▶ [TASK BRIEF]:
For this task, output exactly the lines of the material below starting at the line with "La Universidad Juárez" and ending at the line with "Ik werk bekabeld, maar"; pictures are to be excluded.
[INPUT — start]
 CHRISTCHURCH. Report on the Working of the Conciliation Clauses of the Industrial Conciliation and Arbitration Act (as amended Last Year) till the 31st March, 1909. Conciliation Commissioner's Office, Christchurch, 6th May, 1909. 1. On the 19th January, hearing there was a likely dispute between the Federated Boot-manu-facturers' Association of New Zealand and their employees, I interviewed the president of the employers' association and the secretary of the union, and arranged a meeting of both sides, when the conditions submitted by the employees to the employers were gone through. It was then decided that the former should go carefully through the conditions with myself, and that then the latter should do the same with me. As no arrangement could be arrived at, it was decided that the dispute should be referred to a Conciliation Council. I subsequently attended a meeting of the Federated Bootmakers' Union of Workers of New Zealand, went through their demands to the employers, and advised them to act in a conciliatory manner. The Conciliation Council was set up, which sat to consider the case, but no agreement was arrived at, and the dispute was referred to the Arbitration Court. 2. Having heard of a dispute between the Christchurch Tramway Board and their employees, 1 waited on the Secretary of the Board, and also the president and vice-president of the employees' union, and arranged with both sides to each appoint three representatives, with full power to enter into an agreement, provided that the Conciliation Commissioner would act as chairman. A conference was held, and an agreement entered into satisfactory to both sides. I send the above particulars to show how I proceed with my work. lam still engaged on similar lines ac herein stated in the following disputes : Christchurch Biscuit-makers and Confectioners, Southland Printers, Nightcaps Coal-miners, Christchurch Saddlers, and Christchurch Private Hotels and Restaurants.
[INPUT — finish]
[INPUT — start]
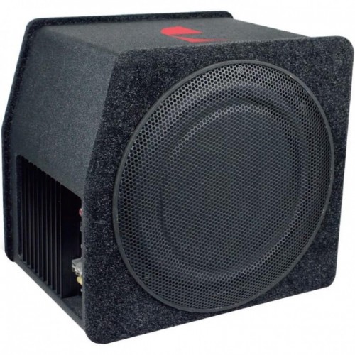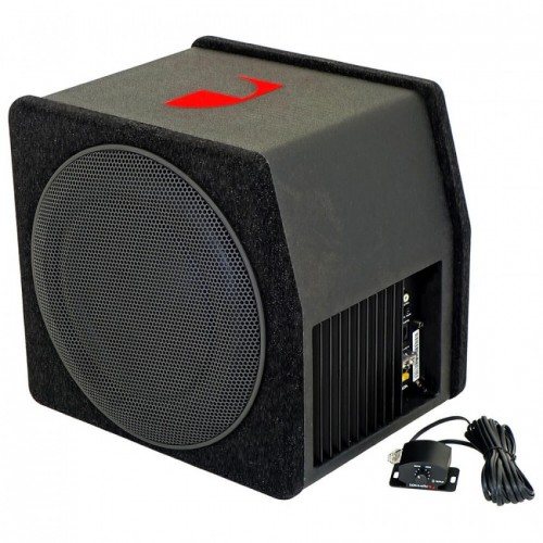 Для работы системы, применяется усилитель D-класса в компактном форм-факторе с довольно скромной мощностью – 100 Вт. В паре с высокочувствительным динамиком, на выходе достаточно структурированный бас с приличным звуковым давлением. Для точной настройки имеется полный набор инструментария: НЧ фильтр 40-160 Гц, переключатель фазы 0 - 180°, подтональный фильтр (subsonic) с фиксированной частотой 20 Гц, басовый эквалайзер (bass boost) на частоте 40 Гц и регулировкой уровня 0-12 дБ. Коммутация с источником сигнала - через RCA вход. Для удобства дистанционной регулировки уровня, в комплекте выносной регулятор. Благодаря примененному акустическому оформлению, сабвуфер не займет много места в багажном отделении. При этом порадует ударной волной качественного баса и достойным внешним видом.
[INPUT — finish]
[INPUT — start]
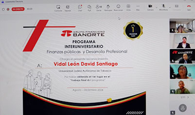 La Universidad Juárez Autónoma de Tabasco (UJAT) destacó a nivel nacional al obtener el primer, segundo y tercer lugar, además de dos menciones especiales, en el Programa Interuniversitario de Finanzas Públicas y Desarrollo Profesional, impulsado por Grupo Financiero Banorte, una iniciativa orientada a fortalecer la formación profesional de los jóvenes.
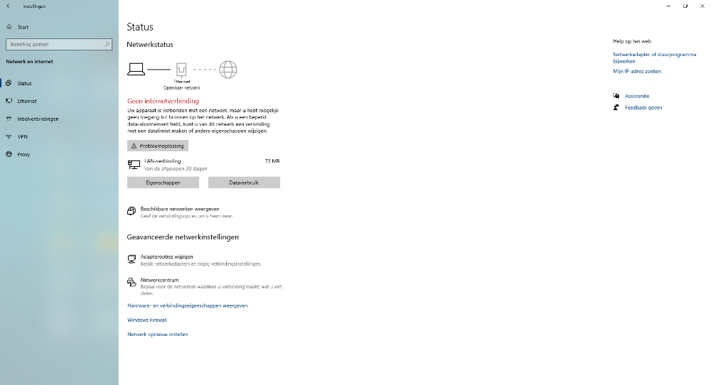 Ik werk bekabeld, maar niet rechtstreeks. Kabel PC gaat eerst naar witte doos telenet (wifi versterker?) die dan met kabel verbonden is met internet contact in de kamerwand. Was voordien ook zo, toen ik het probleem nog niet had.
[INPUT — finish]
▶ [OUTPUT FOR THIS EXERCISE]:
 La Universidad Juárez Autónoma de Tabasco (UJAT) destacó a nivel nacional al obtener el primer, segundo y tercer lugar, además de dos menciones especiales, en el Programa Interuniversitario de Finanzas Públicas y Desarrollo Profesional, impulsado por Grupo Financiero Banorte, una iniciativa orientada a fortalecer la formación profesional de los jóvenes.
 Ik werk bekabeld, maar niet rechtstreeks. Kabel PC gaat eerst naar witte doos telenet (wifi versterker?) die dan met kabel verbonden is met internet contact in de kamerwand. Was voordien ook zo, toen ik het probleem nog niet had.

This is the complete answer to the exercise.